> **What you will do**:
Using the listing below, copy exactly each line from the one that has "2026年3月13日,齐鲁晚" through the one that has "Belge (NBN) |"; omit the pictures.

> **Information**:
- - - - - - -

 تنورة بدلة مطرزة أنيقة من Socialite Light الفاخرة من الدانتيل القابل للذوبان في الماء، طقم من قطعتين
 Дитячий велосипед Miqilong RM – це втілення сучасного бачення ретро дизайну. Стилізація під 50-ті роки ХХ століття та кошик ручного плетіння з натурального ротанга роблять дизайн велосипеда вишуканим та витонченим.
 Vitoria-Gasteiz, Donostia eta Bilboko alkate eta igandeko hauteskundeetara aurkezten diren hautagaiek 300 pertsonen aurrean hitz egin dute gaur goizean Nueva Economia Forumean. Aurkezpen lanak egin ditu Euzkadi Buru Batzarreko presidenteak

- - - - - - -

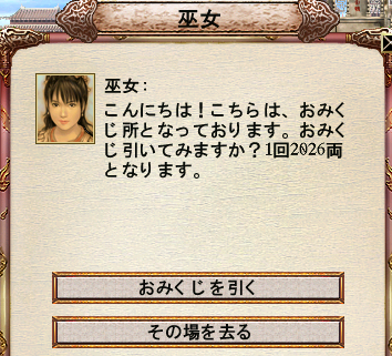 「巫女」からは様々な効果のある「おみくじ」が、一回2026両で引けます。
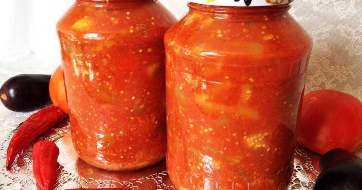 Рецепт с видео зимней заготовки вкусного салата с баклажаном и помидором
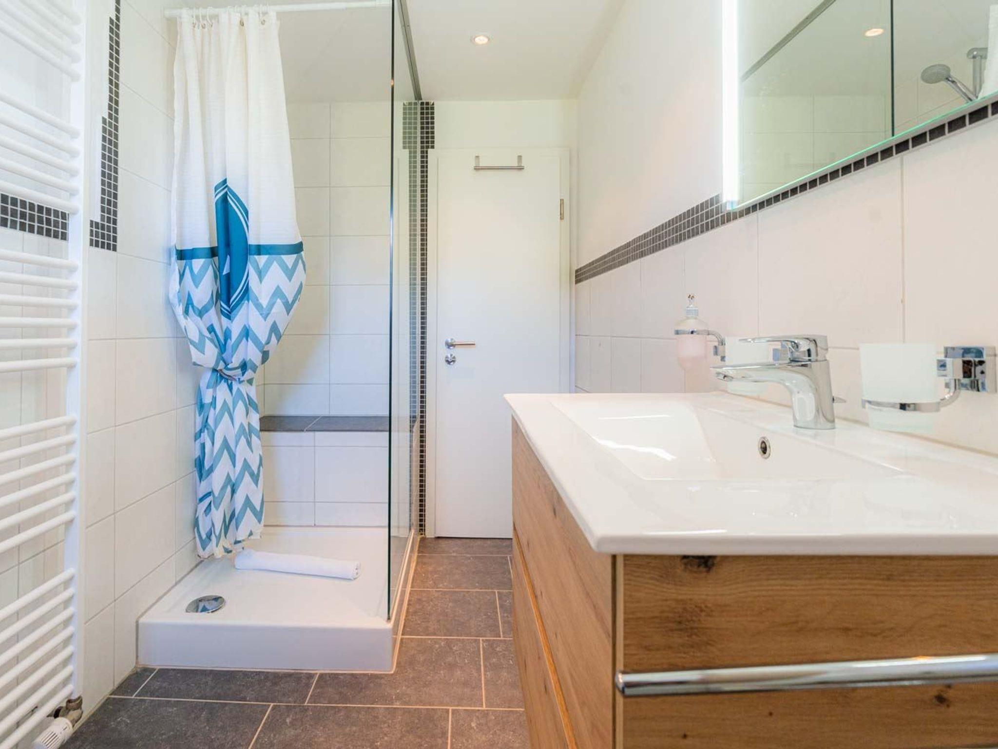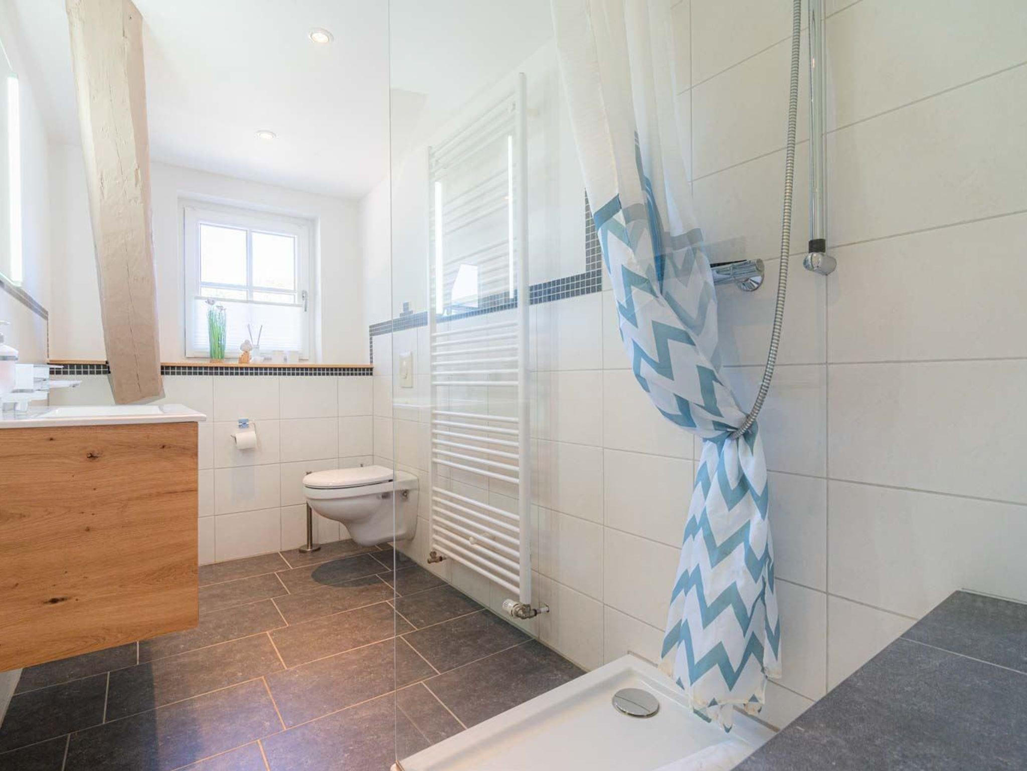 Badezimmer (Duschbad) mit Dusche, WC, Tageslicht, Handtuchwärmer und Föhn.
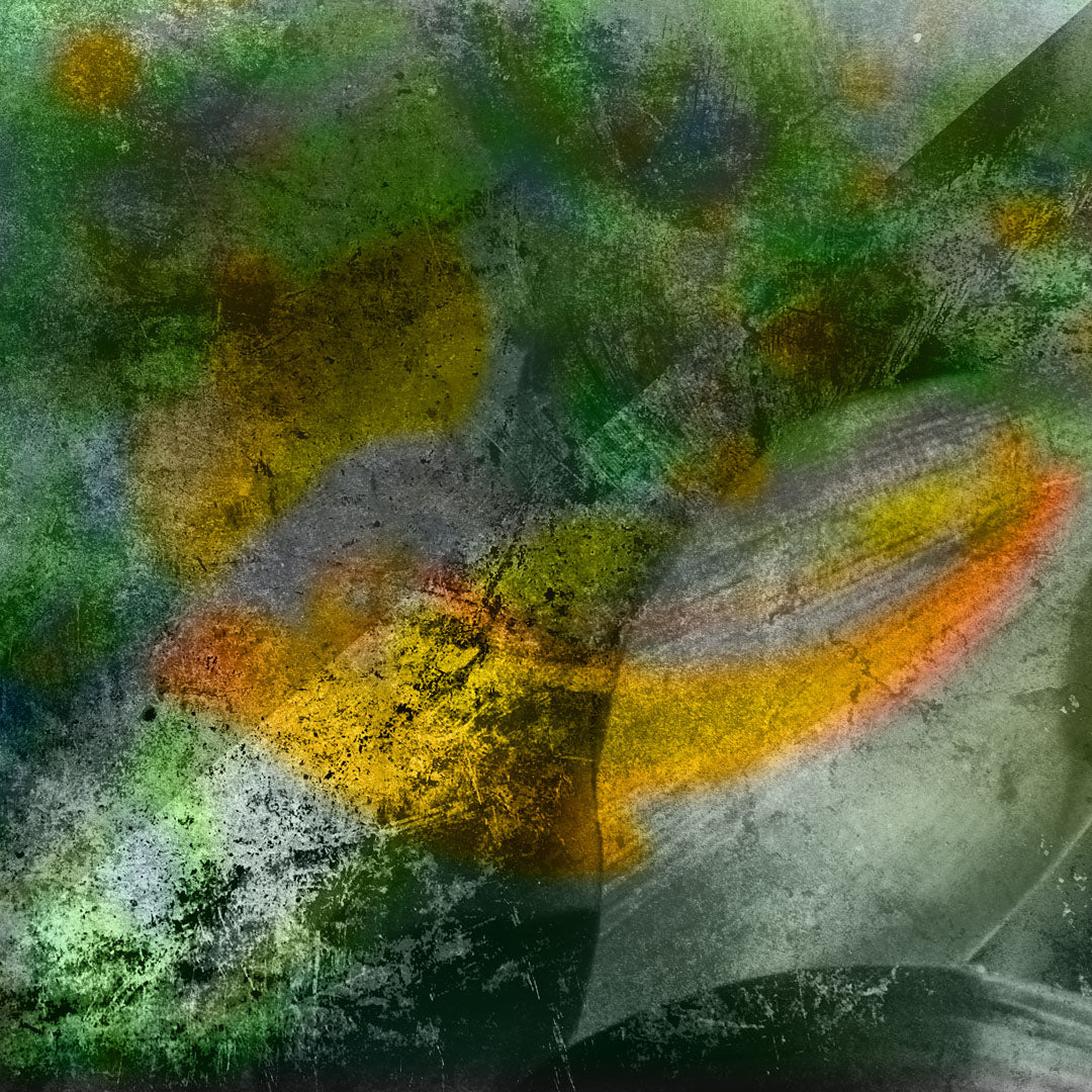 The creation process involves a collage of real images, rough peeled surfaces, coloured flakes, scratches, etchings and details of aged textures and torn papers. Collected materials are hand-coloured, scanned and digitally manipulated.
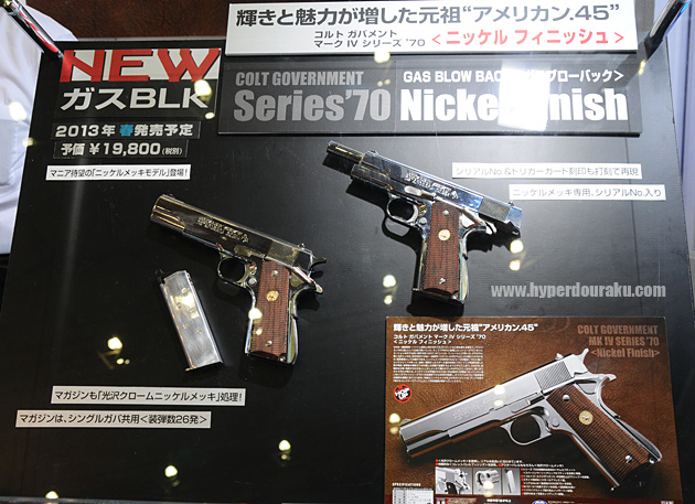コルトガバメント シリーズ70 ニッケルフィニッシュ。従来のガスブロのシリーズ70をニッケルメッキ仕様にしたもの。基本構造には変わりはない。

- - - - - - -

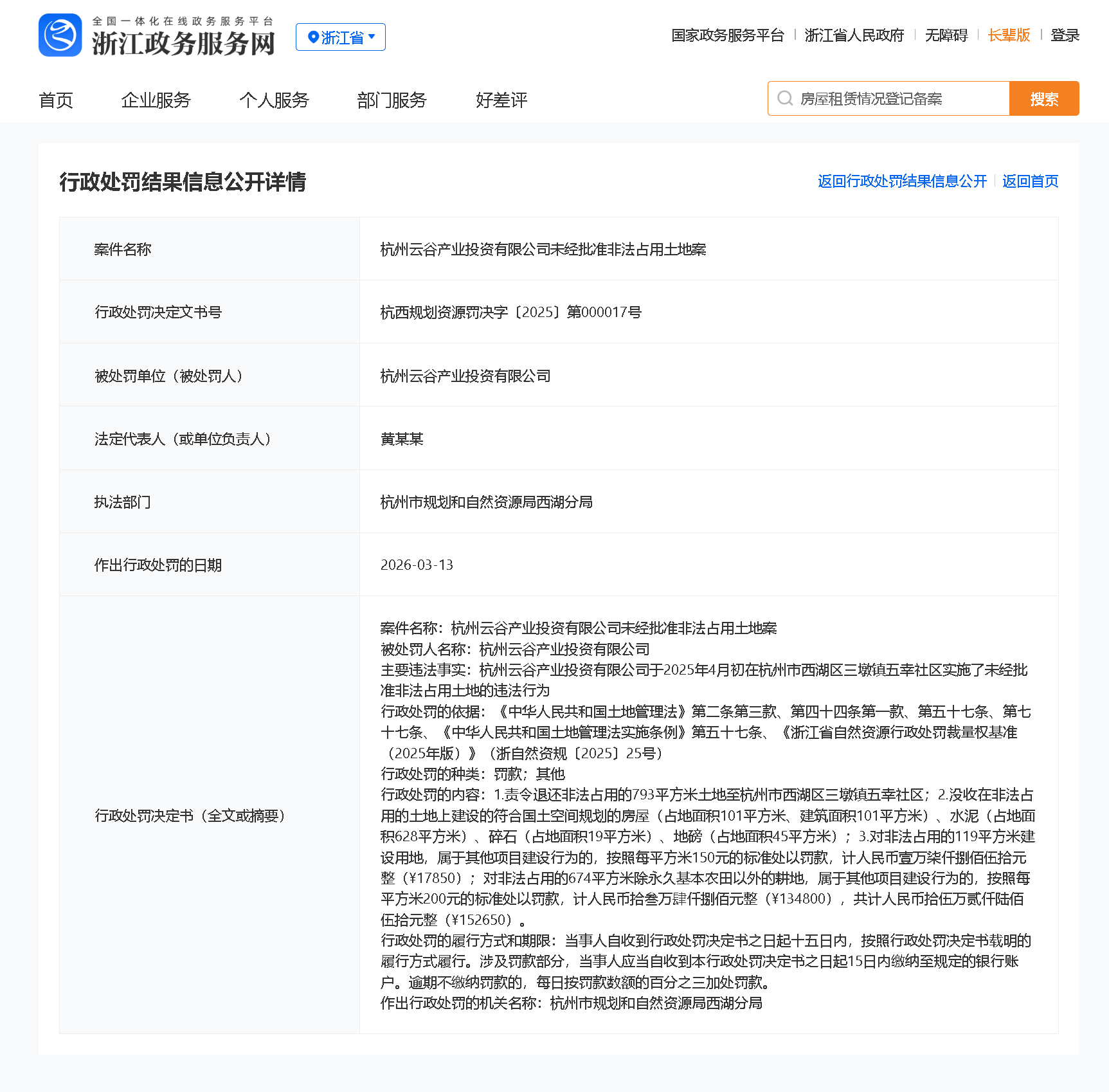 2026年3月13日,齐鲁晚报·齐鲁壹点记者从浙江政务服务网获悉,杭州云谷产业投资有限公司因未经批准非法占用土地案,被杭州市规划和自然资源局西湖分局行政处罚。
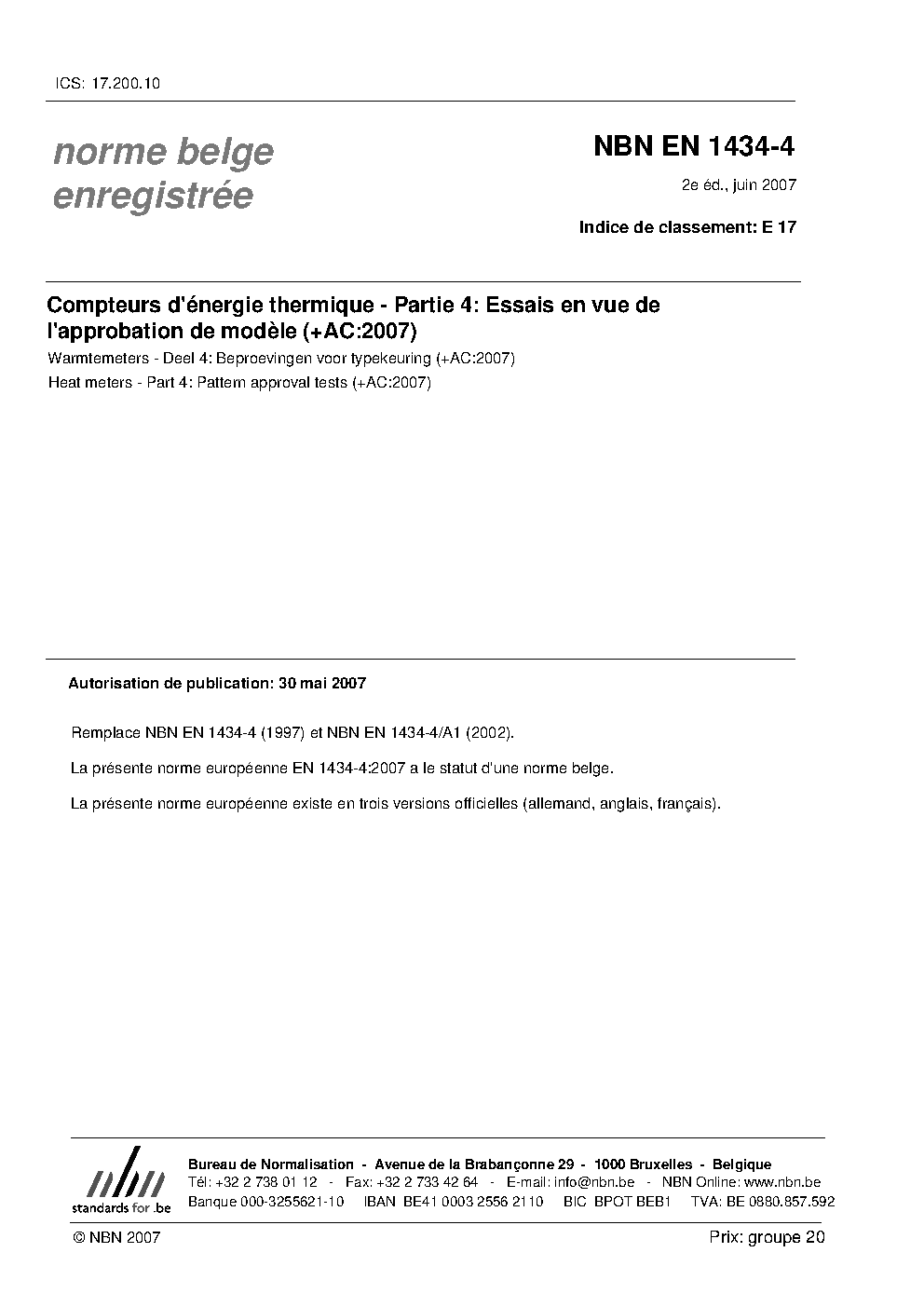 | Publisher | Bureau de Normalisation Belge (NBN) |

- - - - - - -

> **Result**:
 2026年3月13日,齐鲁晚报·齐鲁壹点记者从浙江政务服务网获悉,杭州云谷产业投资有限公司因未经批准非法占用土地案,被杭州市规划和自然资源局西湖分局行政处罚。
 | Publisher | Bureau de Normalisation Belge (NBN) |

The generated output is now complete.